Chinese Buyers ‘Increasingly Sensitive to Upfront Costs’: UBS


Over the past six years, Chinese buying of new build residential property in gateway cities has bolstered demand, construction activity and arguably house prices — particularly for apartments, UBS says.

A survey of 3,351 mainland Chinese, by UBS Evidence Lab, reveals they are still actively buying abroad.

Although good investment returns are no longer the key consideration, with lifestyle choices becoming increasingly important.

In Australia Chinese buying activity peaked in 2016, and further moderated in 2018.

“While buyers from the mainland are still active in Singapore, Canada, US and Japan for purchases, we are seeing growing interest in the Philippines,” the UBS report found.

“Expectations of Chinese buying to return to markets where flows have focused elsewhere remain low.”

Related: Chinese Developers Double Down on Australian Property

Upfront costs deterring investment

The survey shows that Chinese buyers are increasingly sensitive to upfront costs.

Western Australia announced an increase in the surcharge for foreign investors, implemented in January this year, increasing from 4 per cent to 7 per cent.

While Queensland increased its surcharge from 3 per cent to 7 per cent.

If stamp duty or upfront costs are kept low (i.e. 5 per cent or less) UBS found that mainland Chinese buyers are relatively insensitive to the upfront cost.

“However, as the rate moves higher, the proportion of consumers who would no longer buy abroad drops away.

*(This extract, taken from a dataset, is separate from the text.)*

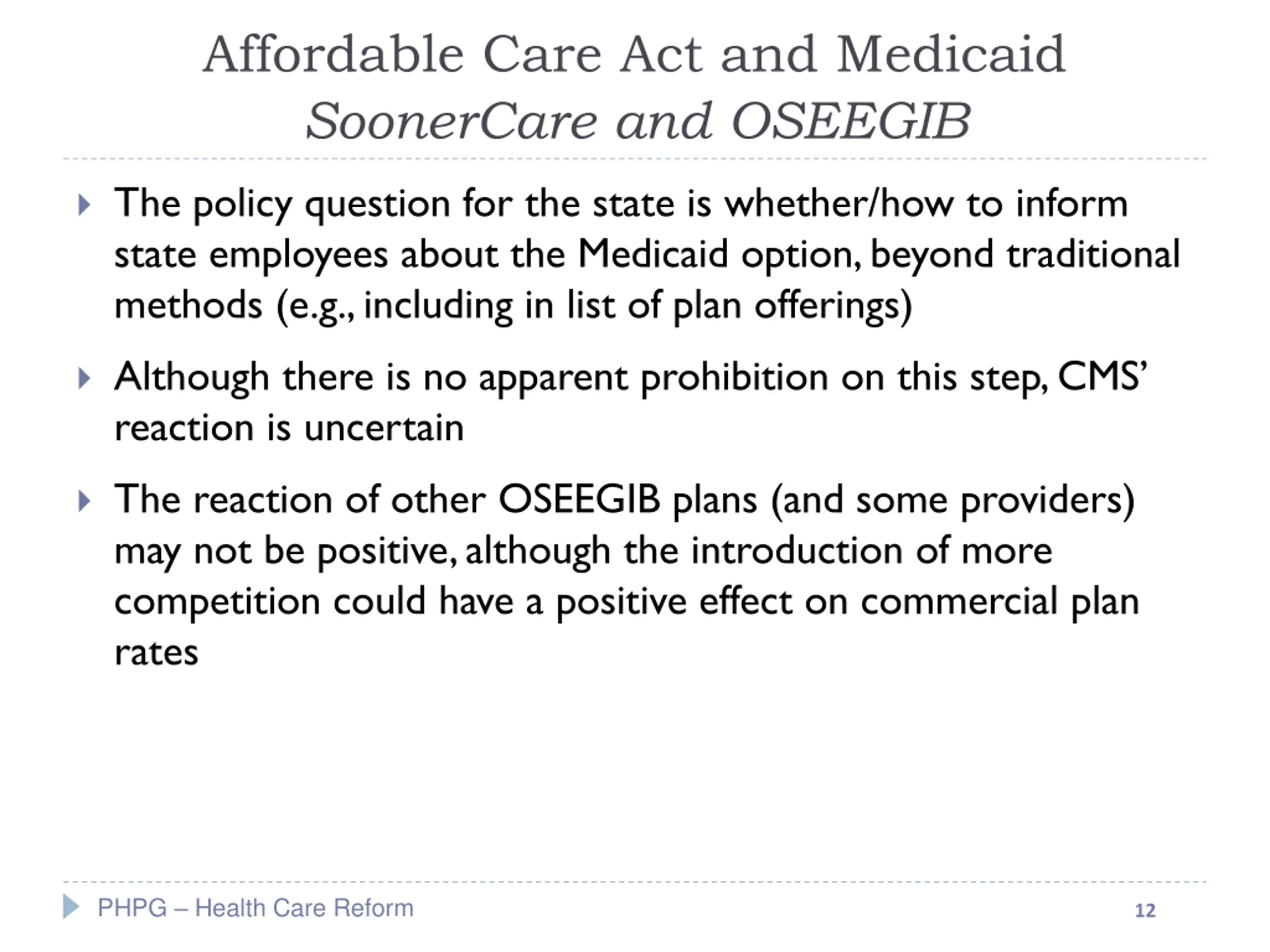 Affordable Care Act and Medicaid SoonerCare and OSEEGIB The policy question for the state is whether/how to inform state employees about the Medicaid option, beyond traditional methods (e.g., including in list of plan offerings) Although there is no apparent prohibition on this step, CMS reaction is uncertain The reaction of other OSEEGIB plans (and some providers) may not be positive, although the introduction of more competition could have a positive effect on commercial plan rates PHPG Health Care Reform 12
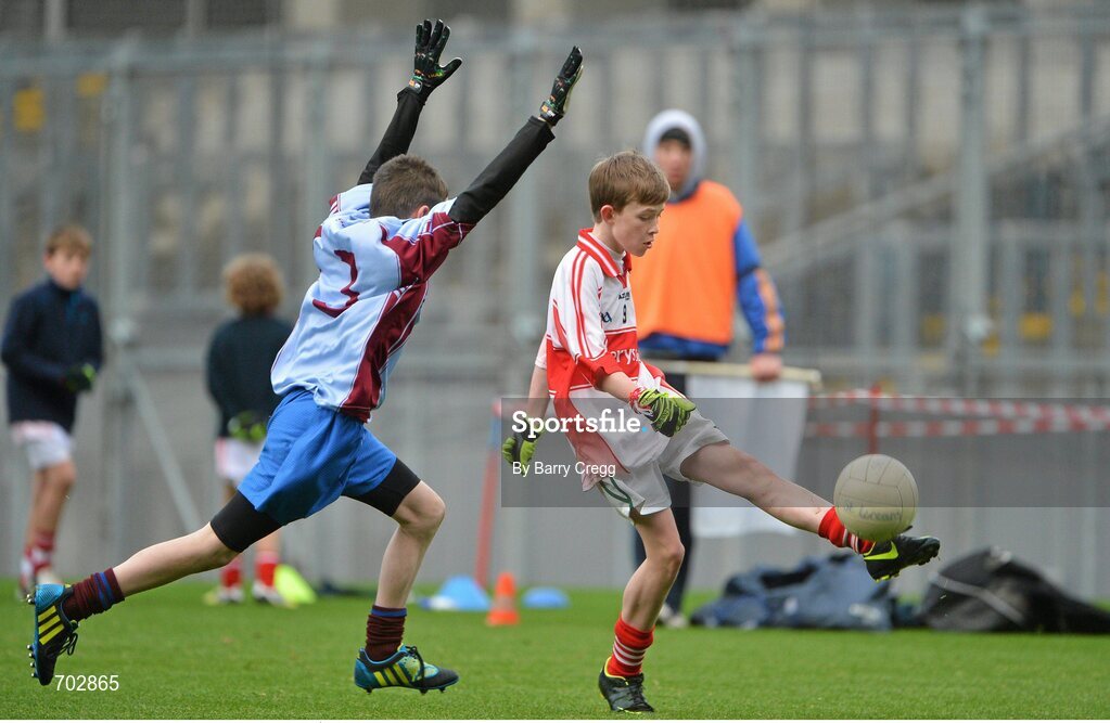 26 November 2012; Billie Keogh, Scoil Lorcáin Baile Pámair, in action against Seán Ó Súilleabhain, Scoil Mobhi Glasanaíon. Allianz Cumann na mBunscol Finals, Scoil Lorcáin Baile Pámair v Scoil Mobhi Glasanaíon, Croke Park, Dublin. Picture credit: Barry Cregg / SPORTSFILE

“When upfront costs increases to 12 per cent and above, the current survey suggests a significant increase of potential purchasers (~20 per cent) would no longer buy the property.”


While Chinese buyers have “materially retreated” after driving the apartment supply wave the focus remains on the credit tightening environment post the Royal Commission into the Bank Sector.

“Over the past 12 months we have seen a material reduction in pre-sales which was largely driven by foreign purchasers (in particular Chinese) and domestic investors.

“Recent anecdotes from developers suggest Chinese buying has stabilised and potentially picked up from a very low base.”

UBS believe this reflects a combination of a period of stable stamp duty surcharges (with no further increases announced in the second half of last year) and depreciation in price (in particular AUD equivalent post FX depreciation).

“However, we do not anticipate a return of demand similar to 2016 levels.”